Fluorescent imaging with indocyanine green (ICG) can effectively guide lymphadenectomy in patients being operated on for gastric cancer, according to Korean researchers. Dr. Woo Jin Hyung of Yonsei University College of Medicine, Seoul, and colleagues enrolled 40 patients who underwent endoscopic peritumoral injection of ICG to the submucosal layer one day before robotic gastrectomy. 

Using near-infrared (NIR) imaging allowed them to perform complete lymphadenectomy for all patients and to assess the thoroughness of the lymphadenectomy intraoperatively.

The results were compared with those of 40 comparable historic controls who had previously undergone the same procedure without the use of ICG. Overall, there was a mean total of 48.9 lymph nodes retrieved per patient in the ICG group compared to 35.2 in the controls, a significant difference.

More lymph nodes were retrieved at nodal stations 2, 6, 7, 8 and 9. In addition, five NIR group patients exhibited lymph node metastases, and all were fluorescent. Thus, the researchers write in JAMA Surgery, online November 14, the findings "suggest that fluorescent lymphography may be useful intraoperatively for identifying and retrieving all necessary lymph nodes for a complete and thorough lymphadenectomy."

In an accompanying editorial, Dr. Marco G. Patti and colleagues at the University of North Carolina at Chapel Hill observe, "The use of ICG could increase the number of retrieved lymph nodes, allowing better staging and improving the cure rate."

Dr.

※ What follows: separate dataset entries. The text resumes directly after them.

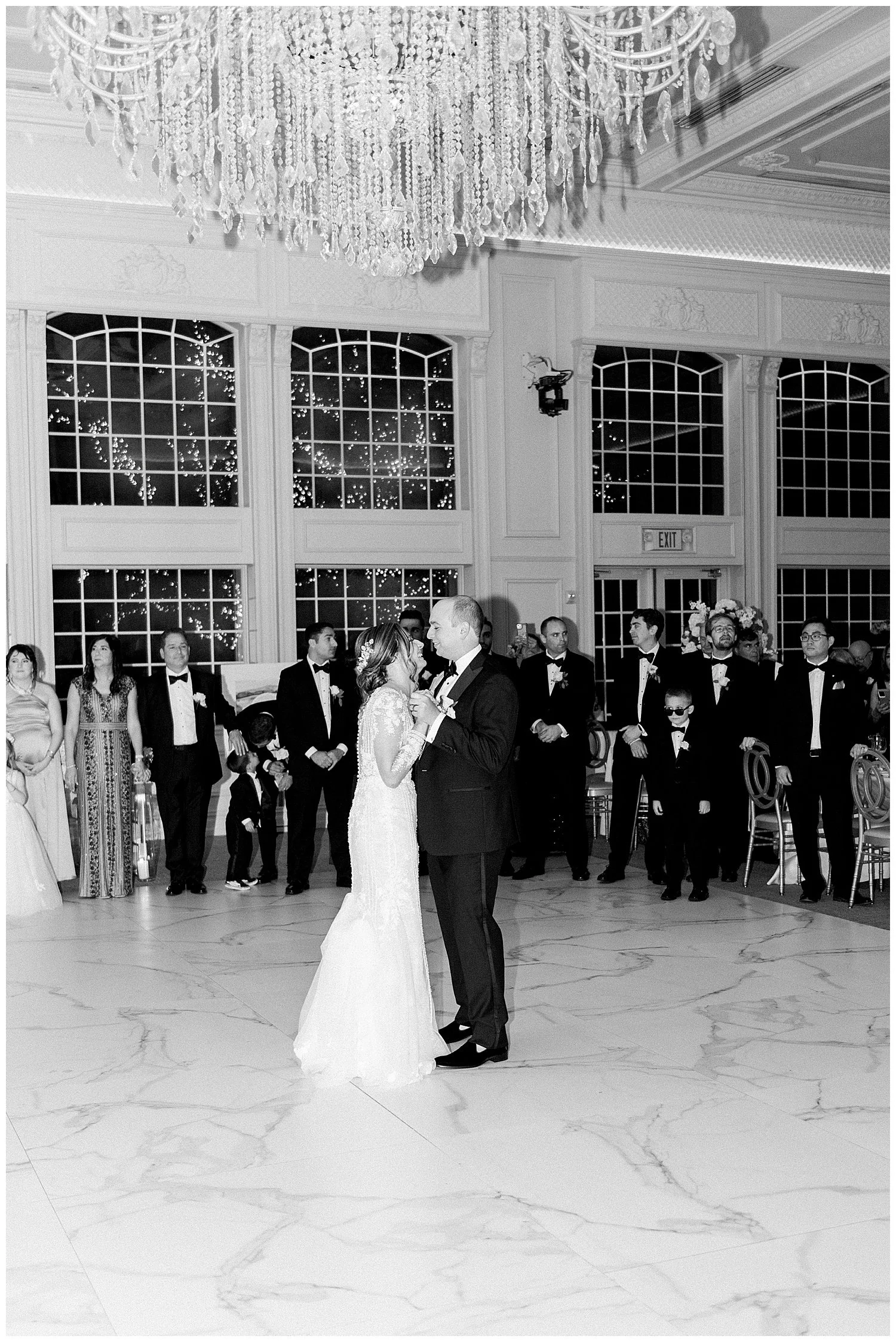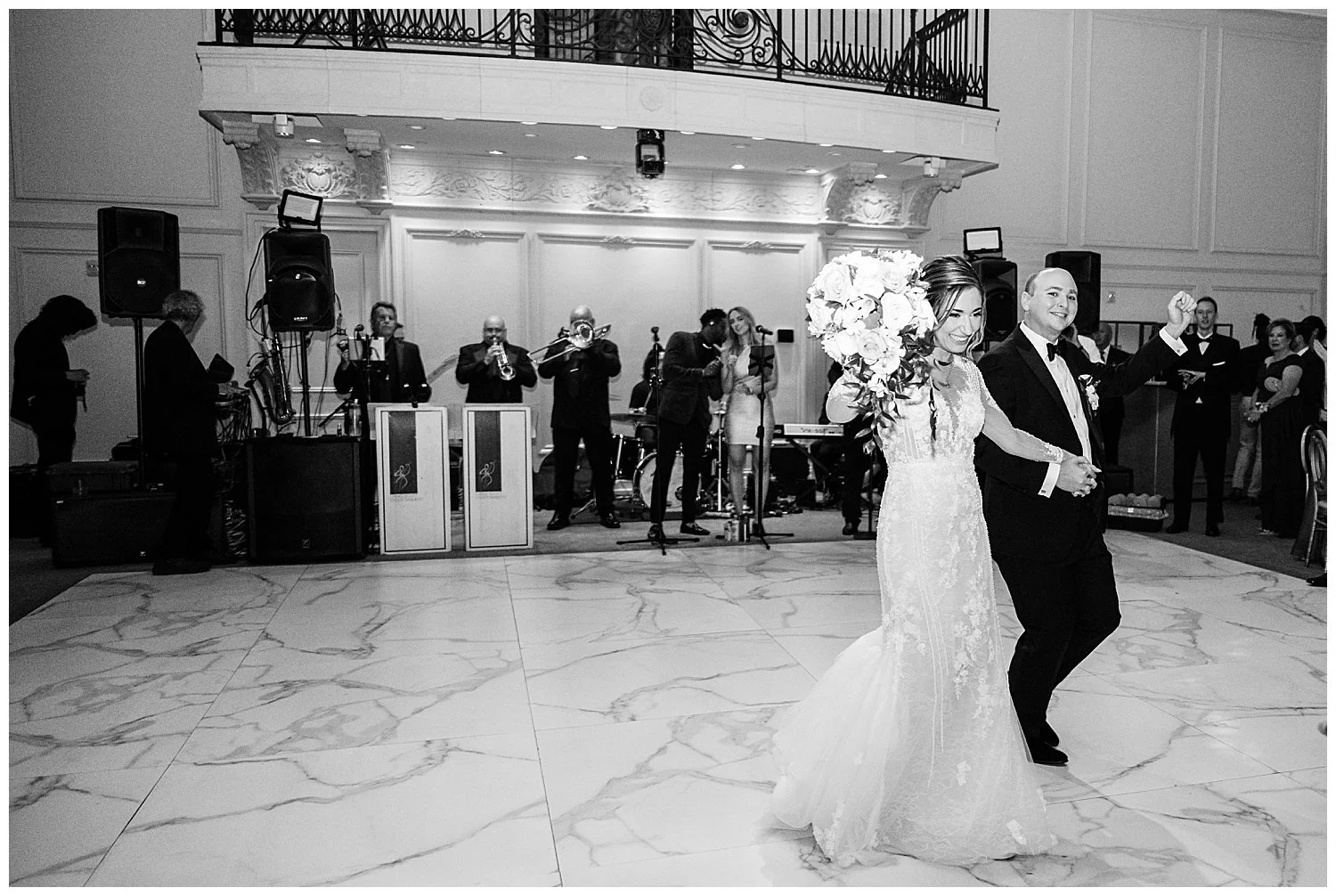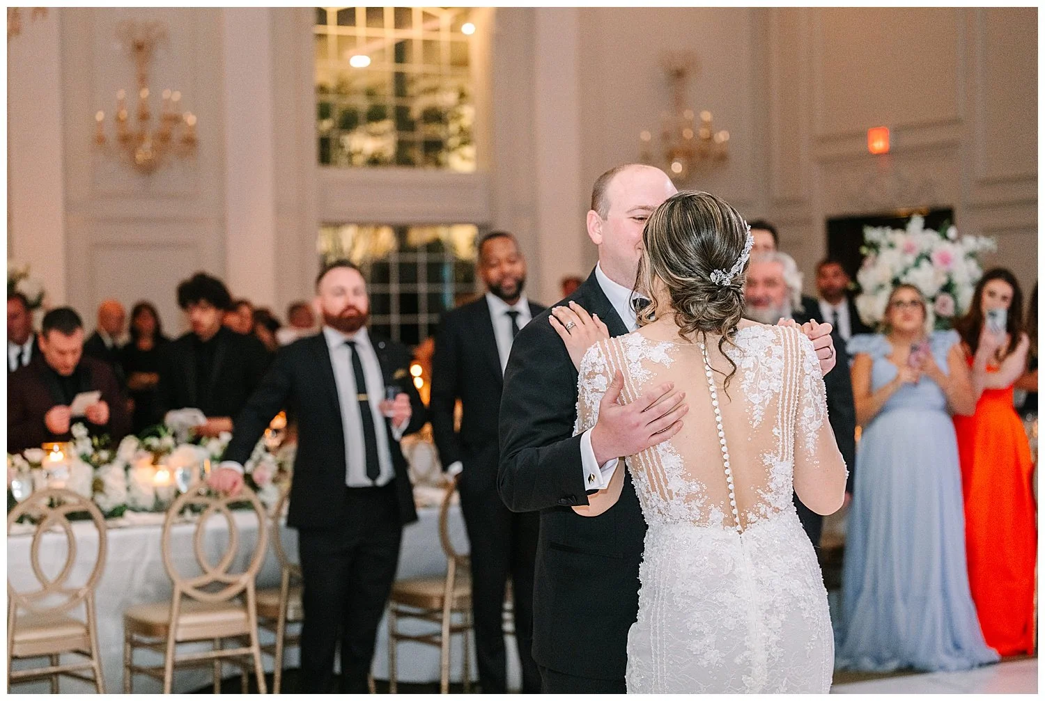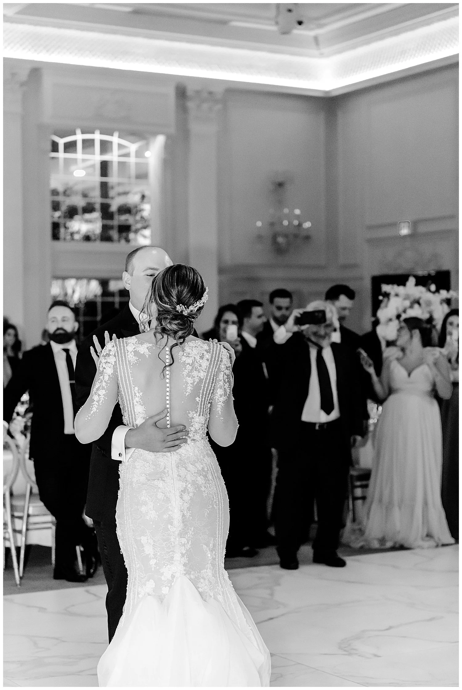 The couple’s classic peachy theme carried into the reception decor, where soft blush linens, candlelit centerpieces, and peach-toned floral arrangements created a sophisticated and warm ambiance. The ballroom at Florentine Gardens, known for its timeless elegance, provided the perfect setting for a black-tie affair. Guests dined under sparkling chandeliers, enjoying a menu carefully curated to reflect both of their heritages. The night ended with the couple’s sweet first dance, rounding out a day that was equal parts refined and personal.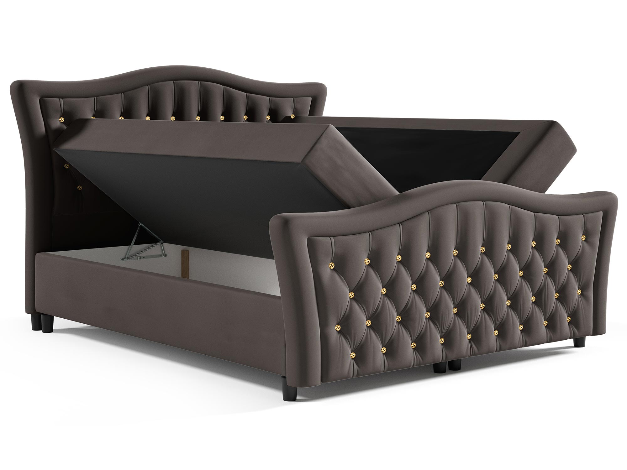 Łóżko w kolorze grafitowym - stylowy model z głębokim pikowaniem, wyrazisty, ciemny odcień, nowoczesny design.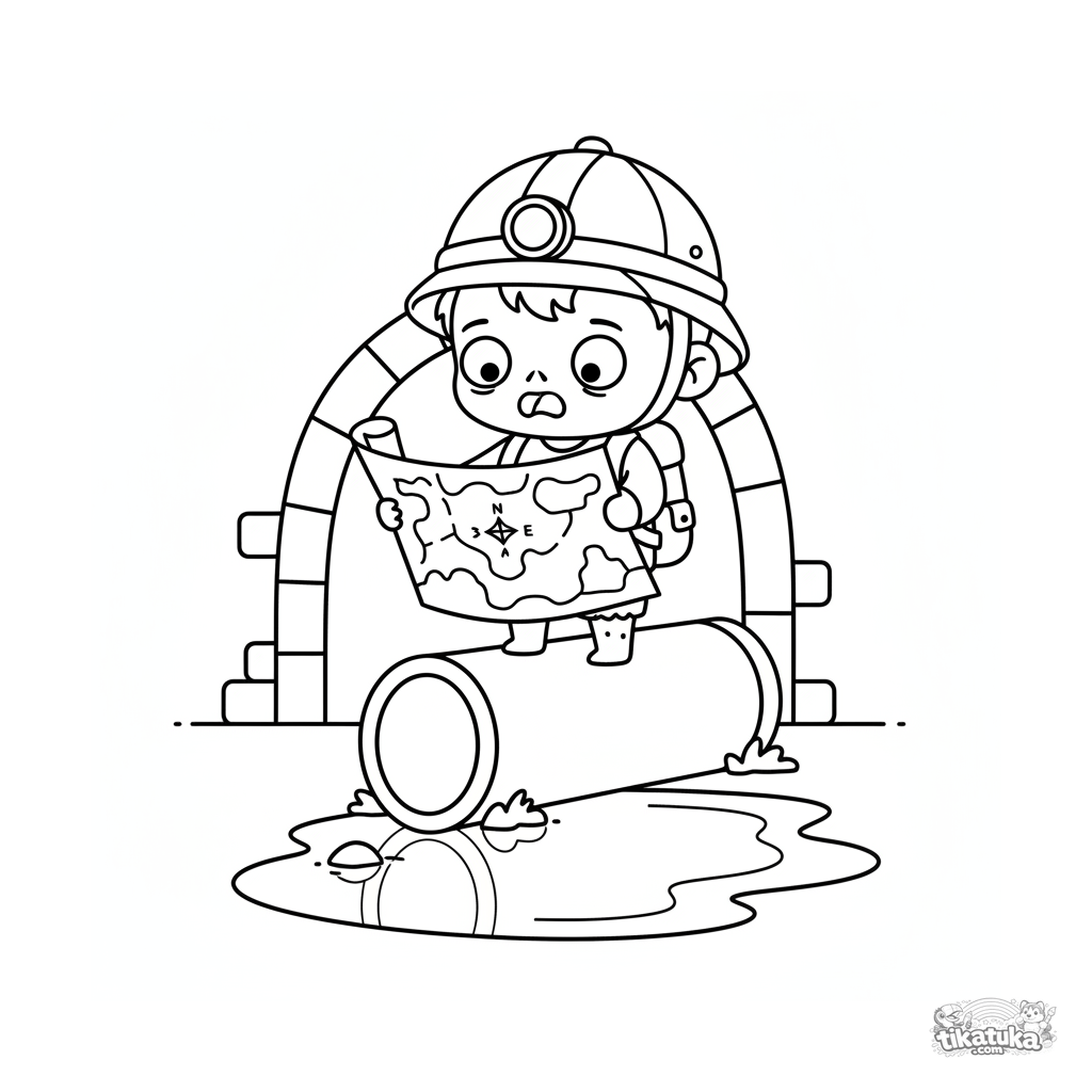 Página simple para colorear para bebés: un pequeño zombi explorador con un mapa en una alcantarilla. Formas grandes, pocos detalles, amplios márgenes.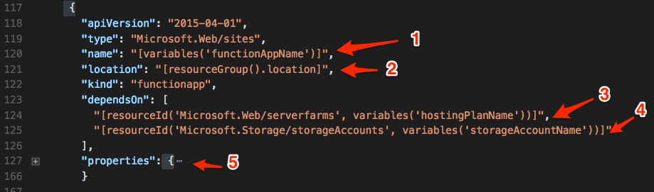 [resourceGroup().location]property. - The Function App depends on a hosting plan from the App Service resource which uses a template function to get the specific resource ID of the AppService Plan as the dependency.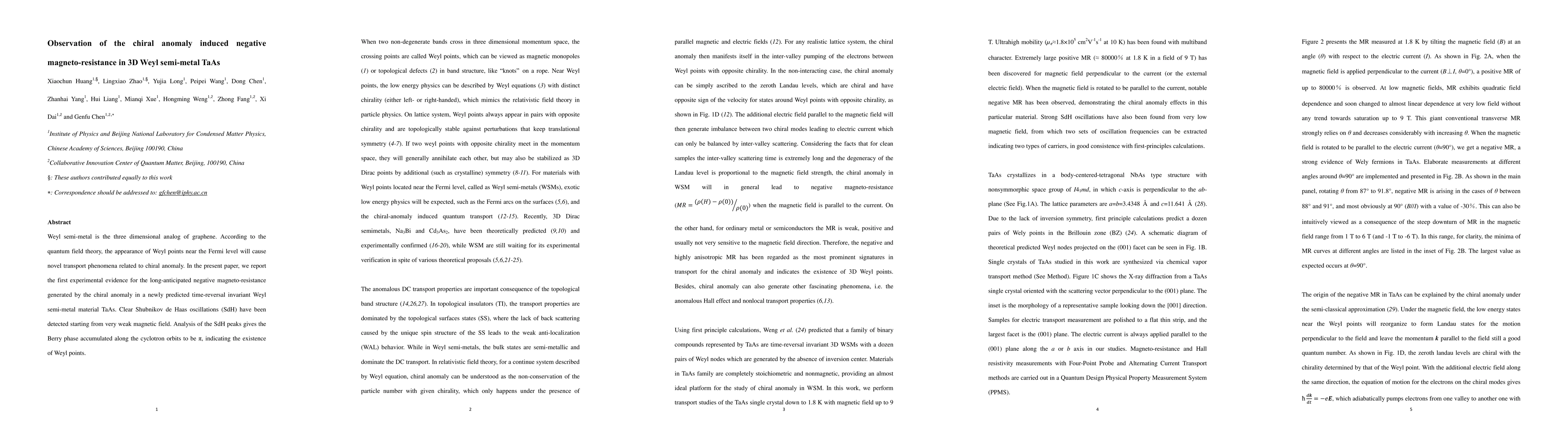 This paper reports the first experimental observation of negative magneto-resistance in the 3D Weyl semi-metal TaAs, attributed to the chiral anomaly near the Fermi level. Clear Shubnikov de Haas oscillations reveal a Berry phase of π, confirming the presence of Weyl points.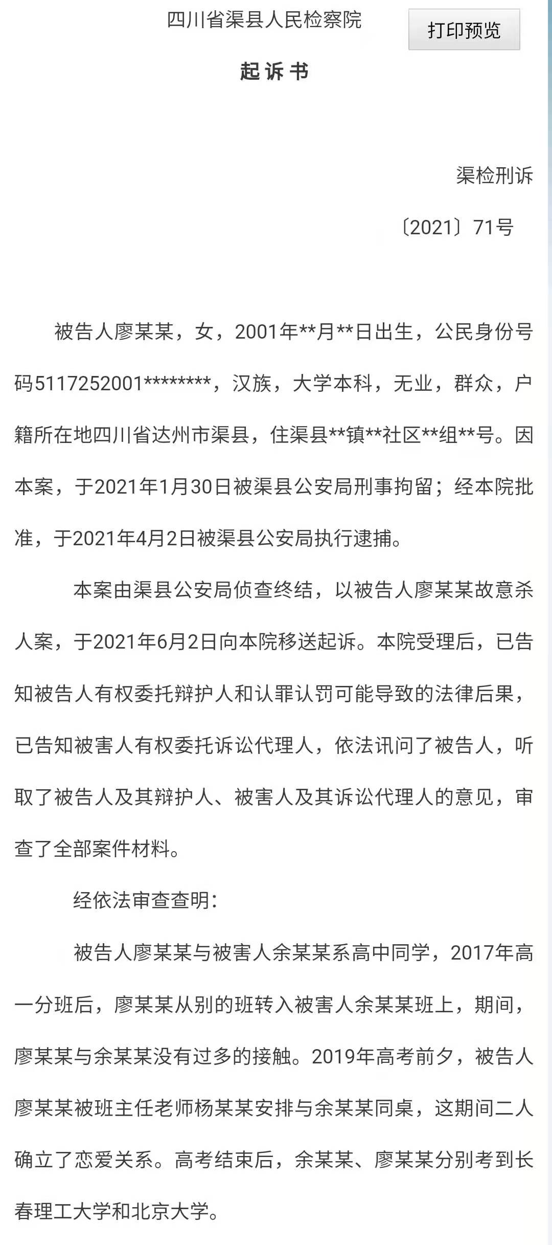 据渠检刑诉(2021)71号起诉书,廖某某(女)与余某某(男)系高中同学,2019年高考前夕,两人确立了恋爱关系。高考结束后,余某某、廖某某分别考到长春理工大学和北京大学。2020年7月,二人感情不和开始冷战。2020年11月,廖某某前往长春理工大学跳楼自杀未遂,后经双方家长在长春市的派出所调解才解决纠纷。2021年1月13日,廖某某雇用的两名未成年人马某某、保某某在余某某渠县家门口持折叠匕首捅伤余某某,然后逃走。经鉴定,被害人余某某人体损伤程度评定为轻伤二级。2021年1月30日,廖某某被渠县公安局刑事拘留。4月2日,被渠县公安局执行逮捕。6月,廖某某因涉嫌故意杀人,被渠县检察院提起公诉。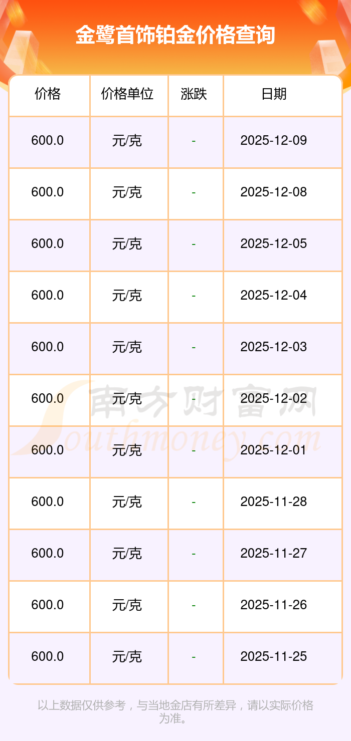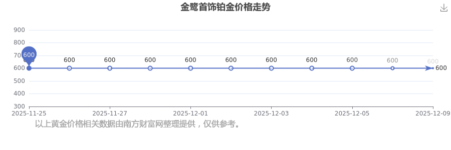 今日(2025年12月9日)金鷺首飾鉑金價(jià)格為600.0元/克。
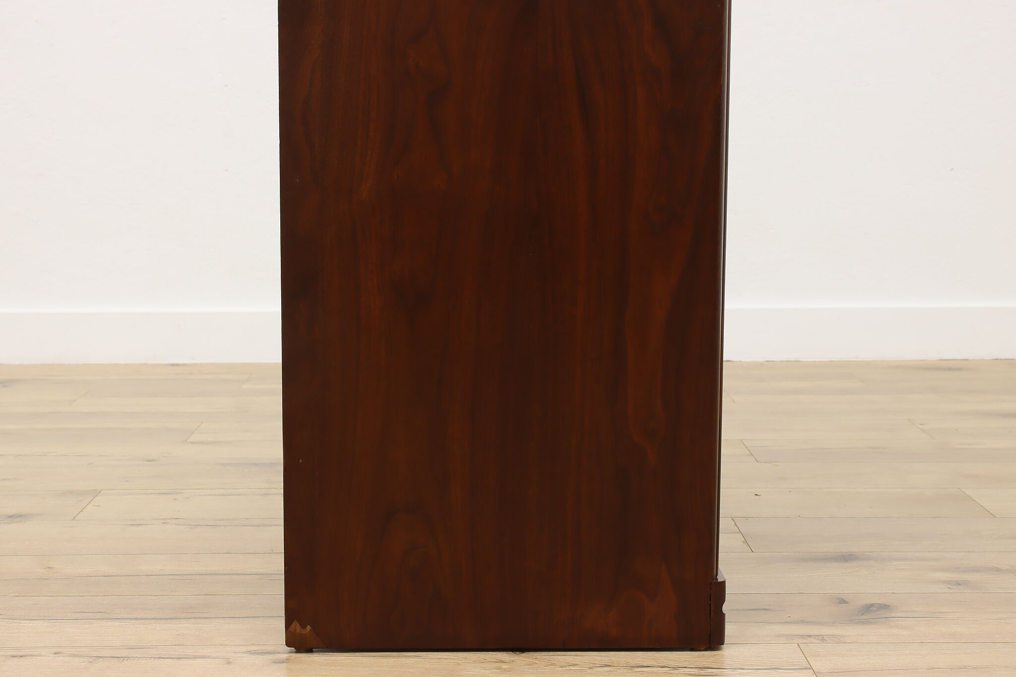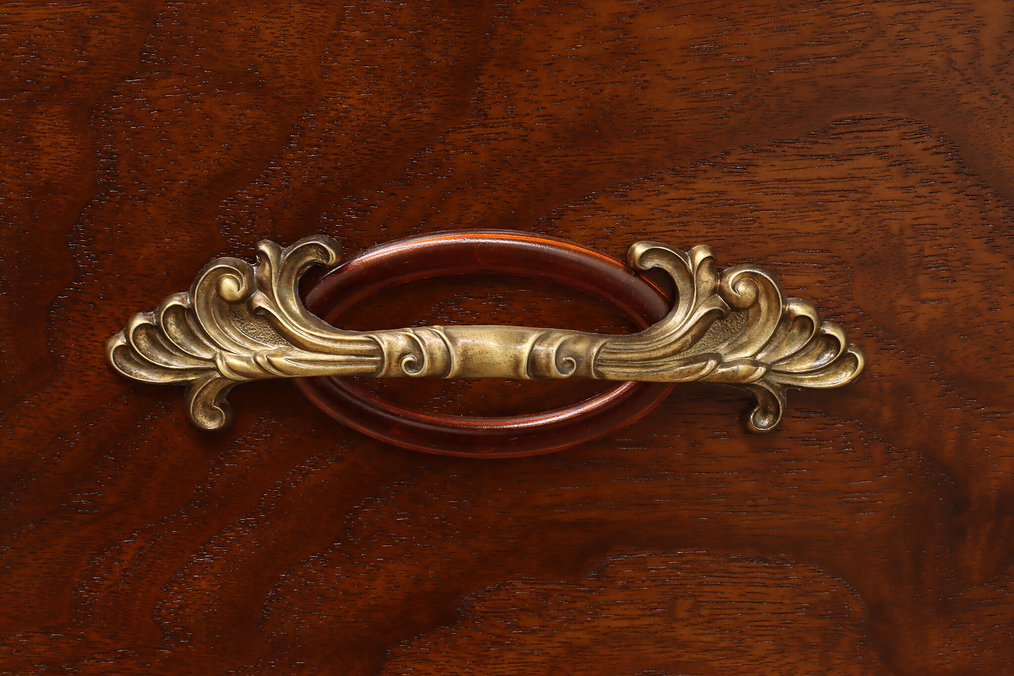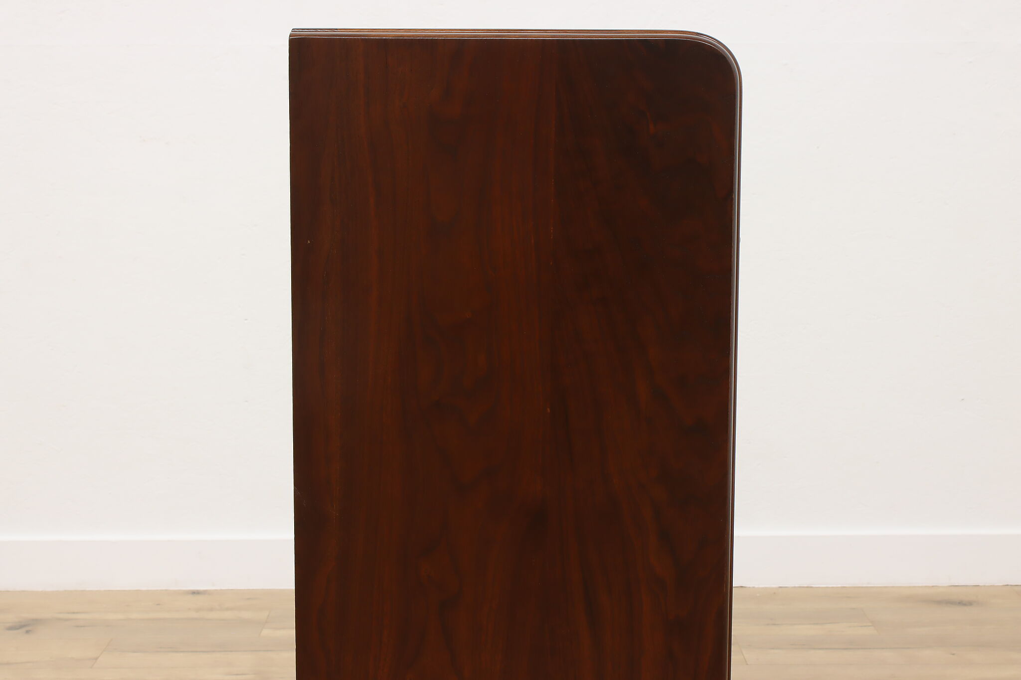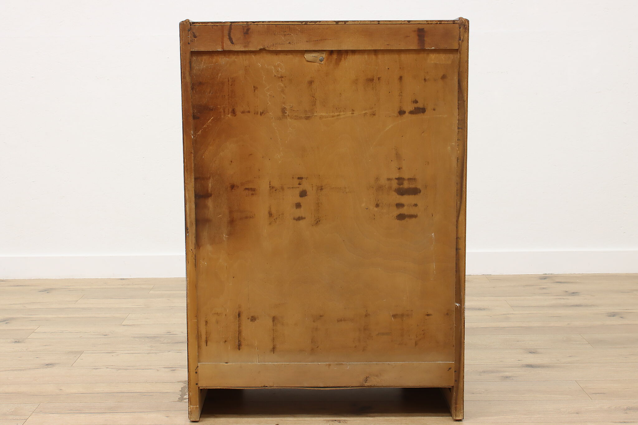 A classic Art Deco period chest or dresser has beautiful "waterfall" design and bookmatched drawer fronts.

Dan G. Blazer III of Duke University Medical Center, in Durham, North Carolina, said, "The extent of lymphadenectomy during gastrectomy for patients with resectable gastric cancer continues to be a lively debate in the surgical literature.

Lymph node dissection

Whether extended lymph node dissection offers a true therapeutic benefit versus just more accurate staging remains controversial. What is clear is that extended lymphadenectomy requires more technical skill and may be associated with increased morbidity."

Dr. Blazer, who specializes in the surgical management of patients with gastrointestinal malignancies, told Reuters Health by email that the study "is an intriguing effort by the investigators to use novel imaging techniques to achieve a lymphadenectomy comparable to traditionally extended lymph node dissection while minimizing surgical morbidity."